The student seminar is a chance for you to investigate and share with your classmates an E&M topic of your choice. Check out Janis' list of Suggested Seminar Subjects linked into the course Website (see http://musr.physics.ubc.ca/jess/p401/) if you are looking for ideas. You may select any electromagnetism topic of your choice; there are many cool/interesting ones that aren't on the list, provided the professor (that's me) agrees that your choice is appropriate. I just want to make sure that the topic you pick indeed has some E&M in it. I also recommend the UBC Library's free Research Skills Workshop (offered several times per term, next offered January 19 and February 21) to learn how to approach a general research problem and familiarize yourself with many of the 'standard' online e-tools, including the Web of Science, the science citation index, how to get the most out of online databases, accessing electronic journals and e-books.
The oral report will be a short 8-minute seminar-type presentation to the class, followed by 3-4 minutes of discussion and questions. All students will participate in evaluations (marks) for all presentations except his/her own. The essay/write-up will be a short 3-6 page paper based on your presentation. There will be 1 or 2 oral presentations per class, during the last 15 to 25 minutes of each class beginning the February 20, just after Spring Break. (Current registration in this class is 20; there are 18 classes after Spring Break, so most classes will have one presentation, but two will have two.) Your report is due Friday 07 April 2006 at the latest. If you hand it in earlier, I will mark and return it to you within a week.
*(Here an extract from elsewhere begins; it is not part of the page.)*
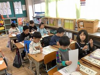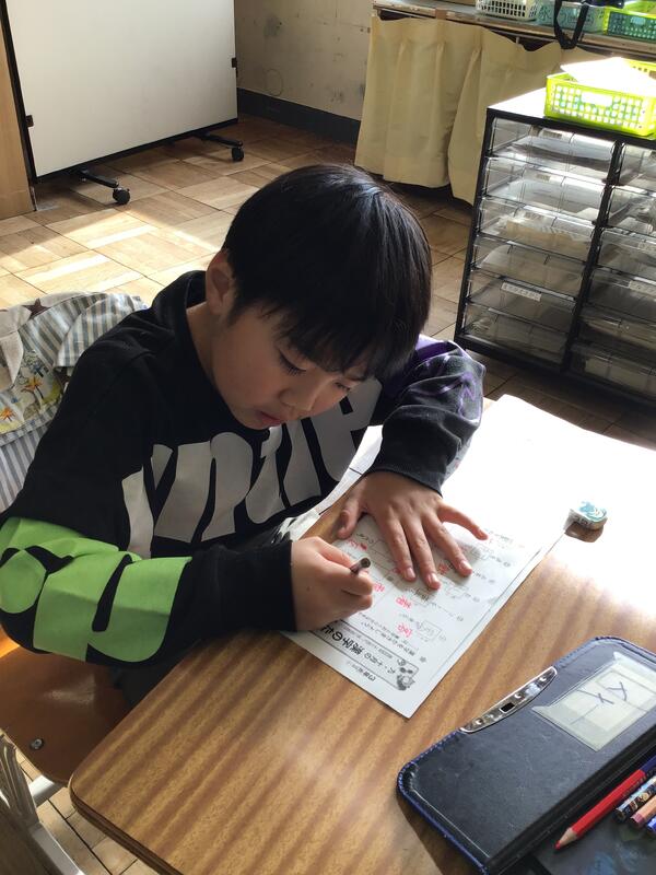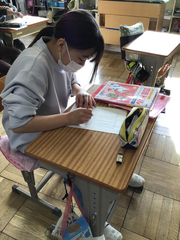 硬筆とは異なる感覚の毛筆。その感覚の楽しさからか,字を書く集中力が高く,なんだかいつもよりもさらに良い姿勢で文字を書く姿が,とても立派に見えました。新しいことをたくさん学ぶことのできる3年生が楽しみになった様子で,とても嬉しく思います。

Hopefully everyone gets their first choice topic; however, if two or more people choose very similar topics, we'll resolve it: most topics are sufficiently enormous that two or three presentations on different aspects/features of the same topic can be made, with very little overlapping content.
A list of presentation dates will be distributed in class and put on the course Web page before the end of January. If you have real date restrictions, please specify them. The first presentation will be on February 21. Also state if you'd prefer your presentation date to be early (in February), middle (first part of March) or later (end of March, beginning of April).